Tara O'Neill Hayes June 11, 2019
Executive
Summary
·
Congress is considering reforms to the Medicare Part D program
that include moving the current Coverage Gap Discount Program (CGDP) to the
catastrophic phase of coverage.
·
Under current law, the maximum rebate amount required of
manufacturers for a given drug in 2020 is $3,698, regardless of the drug’s
cost, and the majority of mandatory rebates are paid for drugs that cost
$480-$580.
·
If manufacturers were instead required to pay a rebate in the
catastrophic phase, a much greater share of the rebates paid would be for the
most expensive drugs.
·
This reform would result in the mandatory rebate amount increasing
with the drug’s price, which would provide an incentive against price
inflation—an incentive the current system lacks.
Introduction
In the 16
years since Congress created the Medicare Part D program, the prescription drug
market, insurance structure, and pricing practices have changed. Patterns
have emerged that make it clear the current system is encouraging undesirable behaviors that increase costs
for the government and consumers. Reforming the benefit structure in a way that
realigns the financial incentives of both the insurers and drug manufacturers
may help to reverse these trends by putting downward pressure on drug prices.
There are
currently four phases of coverage: a first, where the beneficiary covers all
costs up to the deductible; a second, the initial coverage phase; a third (the
“coverage gap”), when the manufacturer now covers 70 percent of costs; and a
fourth, the catastrophic phase, when the government covers 80 percent of costs
and the insurer 15 percent. The beneficiary is responsible for some costs in
all four phases.
Congress
is considering providing beneficiaries with
an out-of-pocket (OOP) cap and reducing the government’s share of the costs in
the catastrophic phase while increasing insurer’s liability. These changes are
a good start, but alone they are insufficient to provide significant relief for
beneficiaries or put meaningful downward pressure on drug prices. Prior work by
the American Action Forum details why this is so and proposes a more
comprehensive reform of the benefit structure, including moving the mandatory
drug manufacturer rebates from the coverage gap to the catastrophic phase, as
shown below.
This
paper provides new analysis of the potential impacts of such a reform. It looks
at the rebates that would result from requiring rebates at various rates from
drugs at different prices.
The
Proposed Reform
The
current CGDP limits the mandatory rebate amount because the coverage gap only
covers a limited amount of expenditures. In 2020, the most that a drug
manufacturer will be required to pay in coverage gap rebates for a single drug,
now that the mandatory rebate is 70 percent, is $3,698.[1] Any
drug costing $9,303 or more will require a payment of this amount and no more.

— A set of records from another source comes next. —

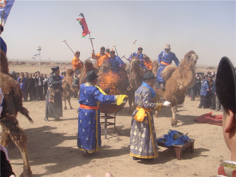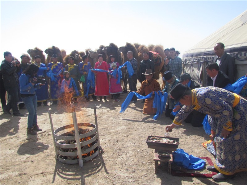 杭锦蒙古人母驼圣火祭祀,是流传于民间的一种集自然信仰、传统生产、人文思想为一体的祭祀文化活动。关于母驼祭祀的记载起源于蒙元时期。成吉思汗西征时,军队运输需要骆驼,因此养驼业开始兴起,明清达到鼎盛。凡是养驼的牧户,都有祭祀母驼圣火习俗。杭锦旗气候干旱、植被稀薄,库布齐沙漠横亘东西,骆驼成为当地牧民最为重要的交通用具。因此,牧民们为了表达对骆驼的感怀之情和敬仰之意,并希望骆驼繁衍兴旺,生活更加富足,由此产生了母驼圣火祭祀这一习俗。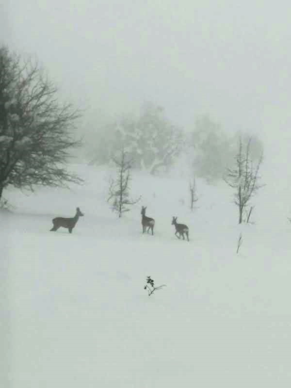 Karabük’ün Eflani ilçesinde karla kaplı arazide gezinen 3 karaca cep telefonu kamerası ile görüntülendi.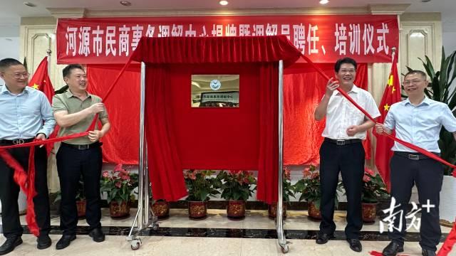 河源市司法局黨組書記、局長李慶鐸,河源市民政局黨組成員、二級調研員李琦,河源市民商事務調解中心理事長、河源仲裁委員會主任藍鋒,河源市民商事務調解中心秘書長吳松為調解中心揭牌。

Accordingly, the existing structure does not provide any incentive to drug
manufacturers to limit prices once they’ve exceeded the catastrophic threshold.
By requiring the discount instead to be paid in the catastrophic phase, which
has no limit other than the end of the year, the mandatory rebate will increase
with the price of the drug. This change should—at least more than the current
system—discourage price growth.
Further,
this change will target the rebate toward costlier drugs. MedPAC found that
under the current CGDP, diabetic therapies are responsible for 31 percent of
rebates paid; asthma and chronic obstructive pulmonary disease (COPD) drugs are
responsible for 12 percent, and 11 percent are paid for anti-coagulants.[2] The
average price of these medicines is $480-$580 per claim.[3] Alternatively,
if the rebates were collected in the catastrophic phase, MedPAC estimates that
antineoplastics (chemotherapy) would account for 20 percent of the rebates;
antivirals would be responsible for 15 percent; diabetic therapies, 11 percent;
analgesics and anti-inflammatory drugs would account for 9 percent; central
nervous system agents another 9 percent; and Multiple Sclerosis drugs would
account for 8 percent.[4] The
price of these drugs ranges from a few thousand to more than $30,000.[5]
If the
OOP limit (which would trigger a move into the catastrophic phase) was set at
$2,500, the total amount of drug expenditures that would be incurred by all
parties at that point would equal $8,695 in 2020. For comparison, under current
law, beneficiaries themselves are expected to spend $2,652 OOP before reaching
catastrophic coverage in 2020—with a True OOP (TrOOP) of $6,350—and total drug
expenditures will equal $9,303, if the beneficiary is only taking brand-name
drugs.[6]
Understanding
Different Rebate Rates
According
to analysis by actuarial accounting firm Milliman, 9 percent was estimated to
be the rebate discount rate in the catastrophic phase at which overall
manufacturer rebates would be roughly equal to what they are expected to be
under current law.[7]
This
figure provides a useful starting point for analyzing various discount rates.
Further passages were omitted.